We want to use this medium to bring to your notice issues that have been on our extra strong macho-hearts.
After our last Annual General Meeting, these are our resolutions:
Firstly, don’t you ever, ever, ever use the word “Feminist” near us again. You don’t see us going around whining about how you collect our money and still make us chase you. Neither do you see us band around claiming to be fighting for men right and calling ourselves “masculinist“.
Secondly, there is no better way to say this, Bros before hoes. And no, you might not be a hoe, but there is no word that rhymes with bro that substitutes for hoe.
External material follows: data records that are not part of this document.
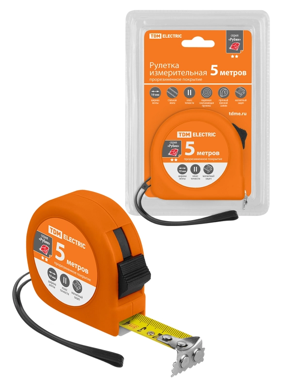 Рулетка, длина 5 м, стальная лента, ширина 19 мм, прорезиненное покрытие, магнит, "Рубин" TDM
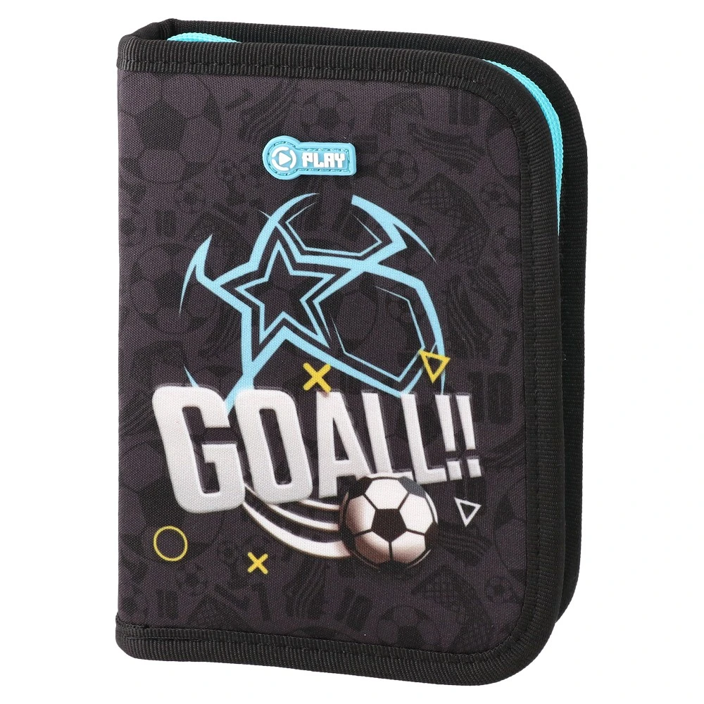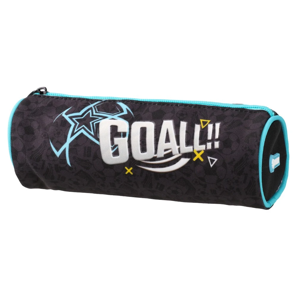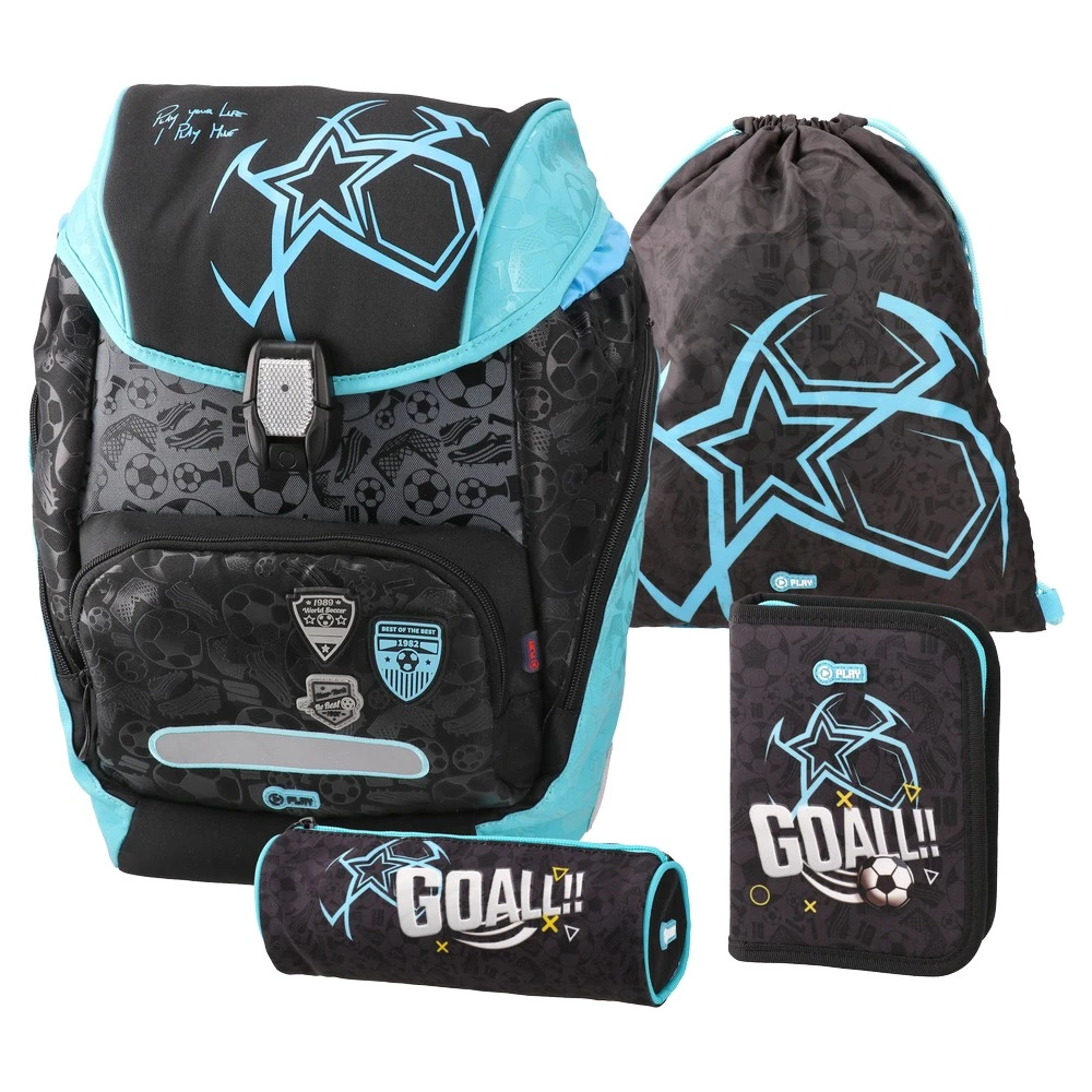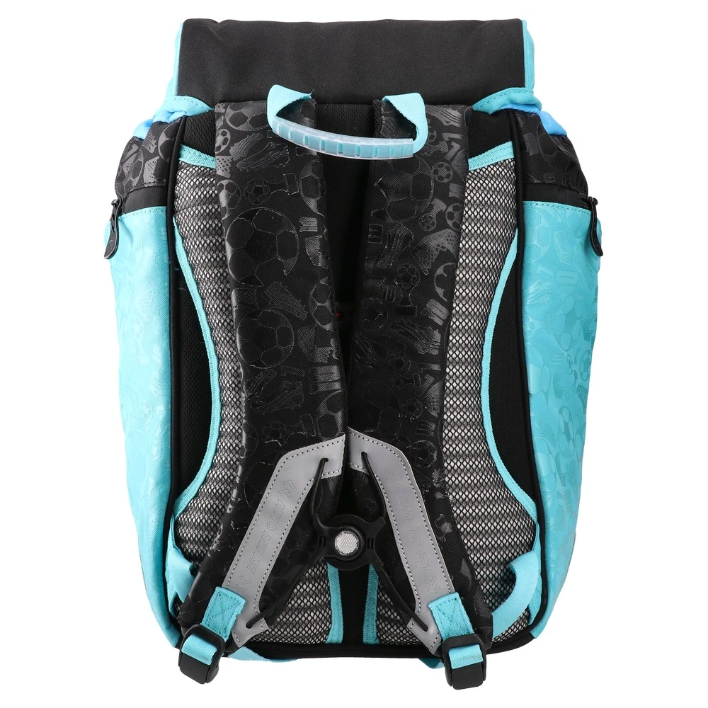Logic set, anatomic backpack, 4 in 1, Legendary Football. Coordinated kit with anatomic backpack featuring buckle closure, front pocket and reflective strip, plus drawstring gym bag, zip folio and round pencil case. Bold black/turquoise football graphics deliver strong shelf impact.
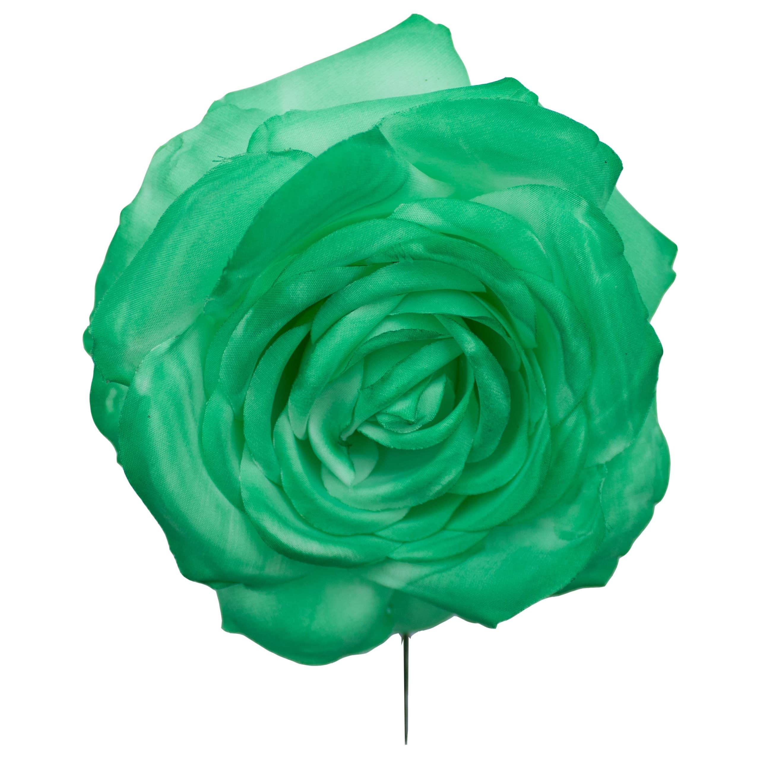 Flor de flamenca estilo rosa, de tamaño mediano, con un diámetro aproximado de 11 cms y color Verde Andalucía. Elaborada artesanalmente en Sevilla.
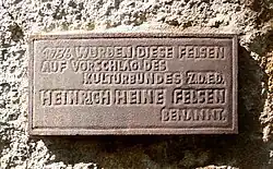 Zum 100. Todestag Heinrich Heines 1956 wurden der Felsen und der oberhalb liegende Park offiziell auf Heinrich Heine umbenannt und am Felsen wurden die Platte und das Relief angebracht.[4]
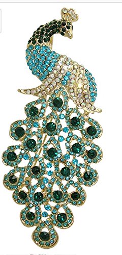 Peacock Rhinestone Brooch Animal Brooch Stone color: Clear, Blue, Light Blue, green Size: 5" by 2" Brand : AJZF EAN : 0738523416151 Package Dimensions(LxWxH) : 13x8x4cm ; 45 g
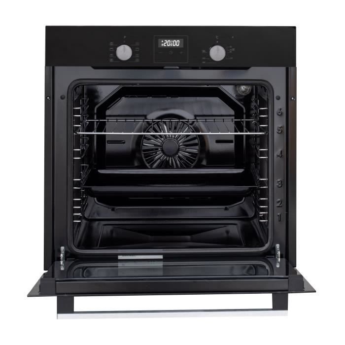 Nombre del producto Horno catalítico de empotrar – con ventilador – CONTINENTAL EDISON – F80CBIX – Negro y acero inoxidable – An 59,5 x Al 59,6 x Pr 54,68 cm
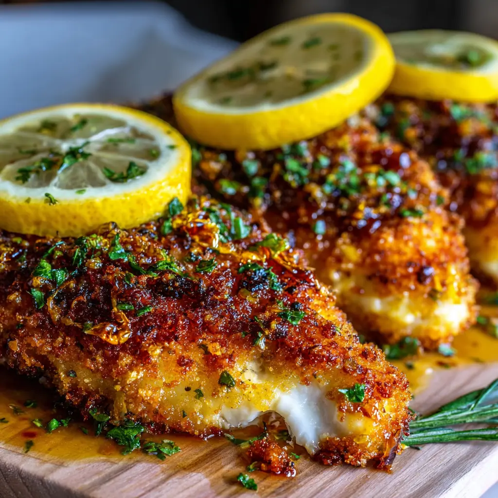 Crispy Baked Hot Honey Lemon Feta Chicken Cutlets: Easy Herb Crust Delight
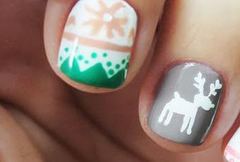 El nail art de motivos de jersey navideño es muy popular en estas fechas. Podéis ver toda una selección de manicuras en este link. Los motivos típicos son el reno, ciervos, copos de nieve, cruces, corazones, puntos y motivos geométricos. Hay que ser apañada para hacerlo a mano alzada, pero también hay placas de estampar que nos pueden facilitar mucho el trabajo. El año pasado hice un nail art invernal con motivos del típico estampado Fair Isle, todo con pintura acrílica. Desde luego yo me quedo con el de este año ;) Pero eso es sobretodo porque veo la mejoría. También me voy dando cuenta de que prefiero trabajar con esmaltes que con pintura acrílica, aunque está claro que se pueden hacer auténticas virguerías con acrílicos, pues son mucho más versátiles.
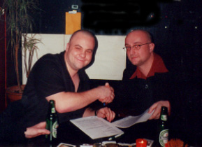 Anbei ein Foto von der Vertragsunter- zeichnung am 17.03.2001 im Berliner KATO-Club. Links der Herr Hoyda, rechts Alexander "Labelfatzke" Ertner von MOONSTORM RECORDS.
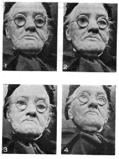 No. 1. - Man of thirty-six, 1902, wearing glasses for myopia. Note the appearance of effort in his eyes. He was relieved in 1904 by means of exercises in distant vision and obtained normal sight without glasses.
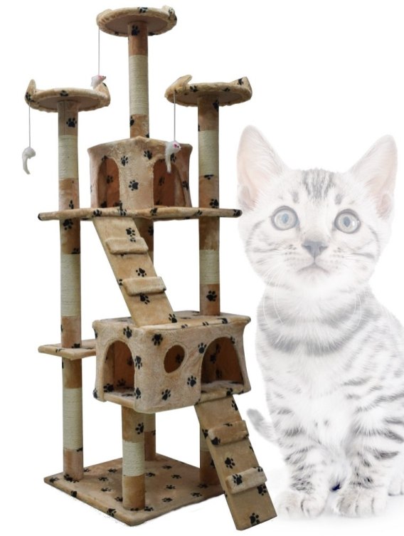 Ten piękny, 5-poziomowy drapak to dla kota wymarzone miejsce do zabawy, odpoczynku i - co ważniejsze - gdzie może swobodnie ostrzyć pazury.
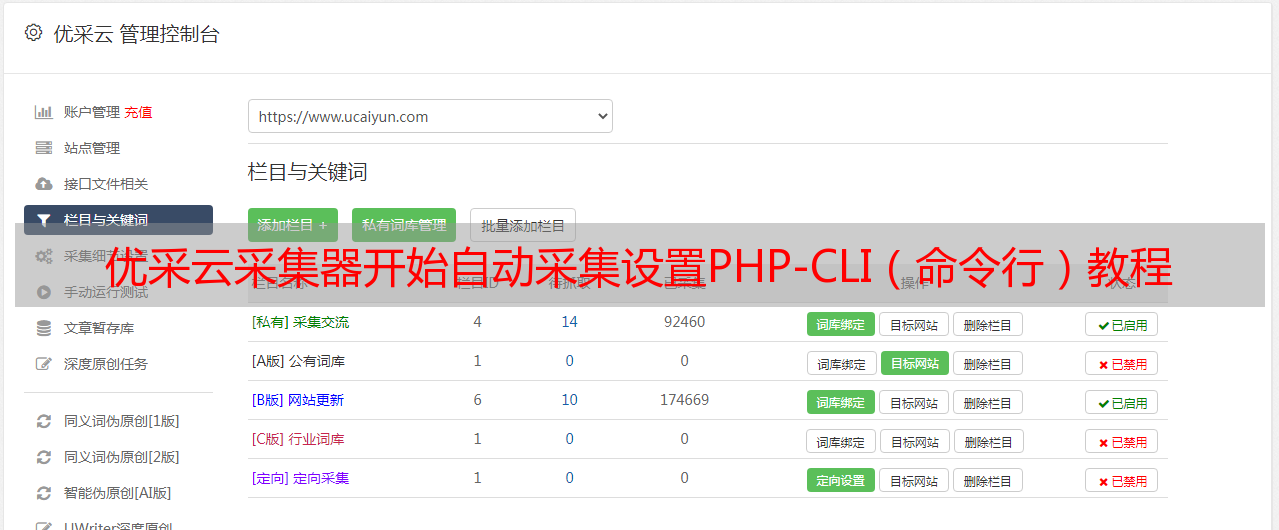 优采云采集器开始自动采集设置PHP-CLI(命令行)教程
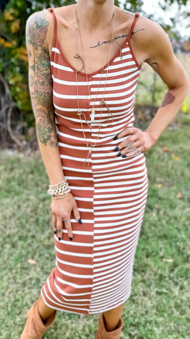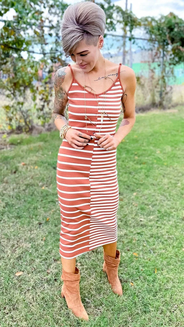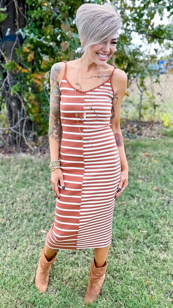Elevate your style with this colorblock stripe dress from the ZigZag Stripe. With an on-trend silhouette and a playful attitude, this spaghetti strap dress will add some fun to your wardrobe. Perfect for any summer occasion, this dress is sure to turn heads. Give your style an attitude upgrade with our Attitude Upgrade Dress.

And if there is, we don’t want to know cos we are always right.
Next, we are always right. Do you think someone who is ever wrong can successfully build muscles and look like this?
No. We were right then, we are right now, and we’ll always be right. Even if it is your area of expertise and you have an MSc in it, we are still righter than you.
Also, if we say it can’t be fixed, then it can’t be fixed. Don’t mind the mechanic, electrician, plumber, carpenter, or vulcanizer. If they knew any better, why are they not more successful rather than doing menial jobs?
Just as importantly, if we say we’ll fix it, we will eventually fix it. I know it’s over six weeks that I told you I’ll fix that thing, but until I tell you to, there is no need to start calling up the mechanic or plumber. We will eventually come around to fixing it. Plus they don’t even know the work like that. Worse still, I don’t like the way they look at you. And no, you can’t try out that female mechanic, she is probably a lesbian and trying to get to you.
Finally, the time has come for you to stop hitting our ass. We know you think it’s cute, it is not. We didn’t stick to leg days at the gym only for you to come smacking our ass. That is just emasculating. STOP IT!!!